Funny all these parents commenting on a thread where the property is definitely not in the most family friendly of neighborhoods.
“Funny all these parents commenting on a thread where the property is definitely not in the most family friendly of neighborhoods.”
It’s in the Blaine attendance area, which alone makes it above average for family friendliness.
what is the triple entendre anon?
no triple entedre.. This can only be one way. Deux deux… I love it…. I can just imagine being the person taking that name on an order over the phone. And as an adult deux deux’s going to be seeing some funny mispellings on some of that mail.
lol..ze… you realize that it is a moniker not his real name : )
miu.. After 2 nights ago, i was not going to pass up the opportunity to relax and play with deux duex.
Ze what is deux deux? I checked urban dictionary and it seems to be an aspirin brand, but I get a feeling you are talking about something else?!
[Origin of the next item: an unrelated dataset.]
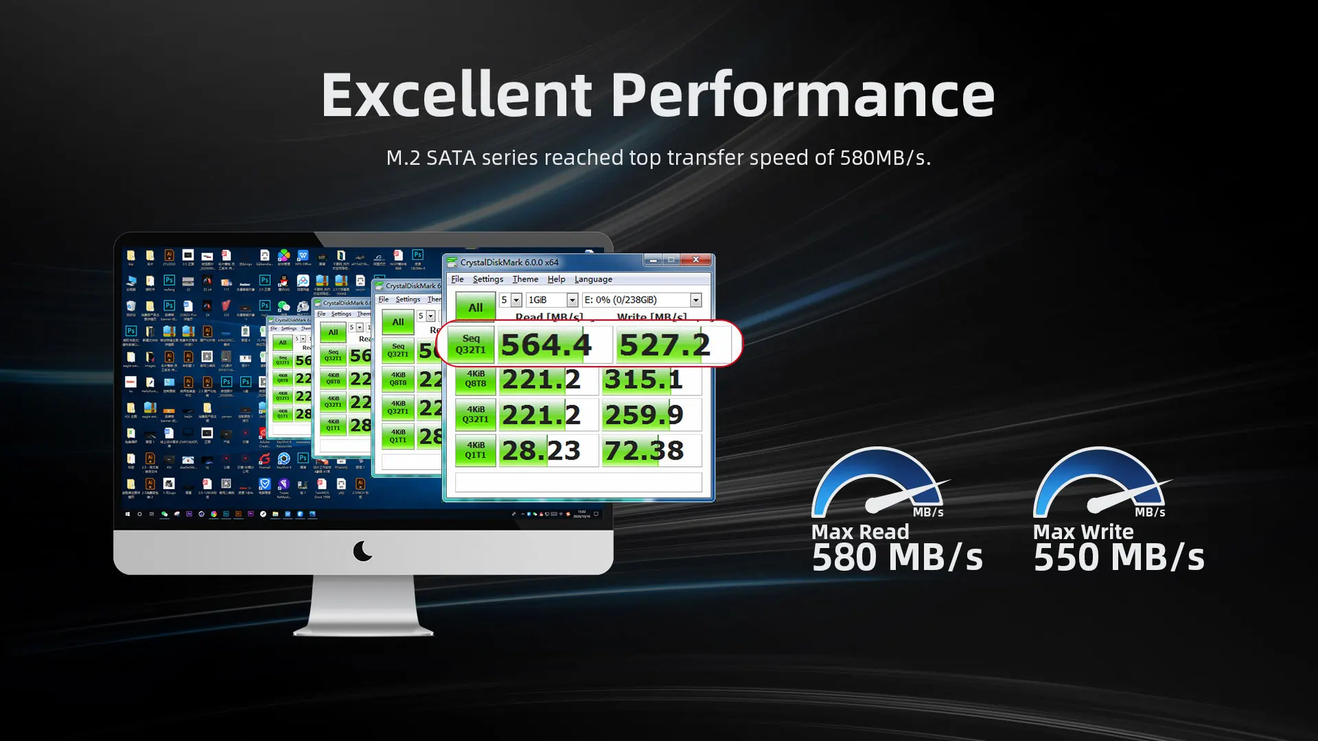 Работает очень хорошо, это быстрый диск. Очень хорошая коробка приходит. Очень аккуратно. Описание очень точное и полностью соответствует.

Any ways the moniker was chosen because the baby looks like sergeant Deux Deux from The Inspector carton 🙂
Moomoo made doodoo. Congrats.
oh miu… Americans do not push out air to finish our words the way the french do. They kinda fall out. D’ d’ becomes doo doo, a big poop joke. And if 40yr old men can’t resist. A room full of 5 yr olds might be *almost* as bad. You may want to think a new one through, with the suggestion that saying trois 2 times in a row, is even worse.
btw, Deux Deux is also a short form for edward. did you know that?
Thanks G. At least doodoo is in the urban dictionary and it is pronounced differently…that being said deux deux does quite a bit of doodoo : )
“what is the triple entendre anon?”
And the third is the same reference, a second way–#2.
And, Deux Deux, in the Americanized Inspector cartoons, was Doodoo, too.
did you guys watch those cartoons? i loved the whole pink panther series.
btw, i am nursing. what are you all doing 6 am on sunday? shouldn’t you be sleeping?
“what are you all doing 6 am on sunday? shouldn’t you be sleeping?”
Early sunrise is killing me this year. No one else is up.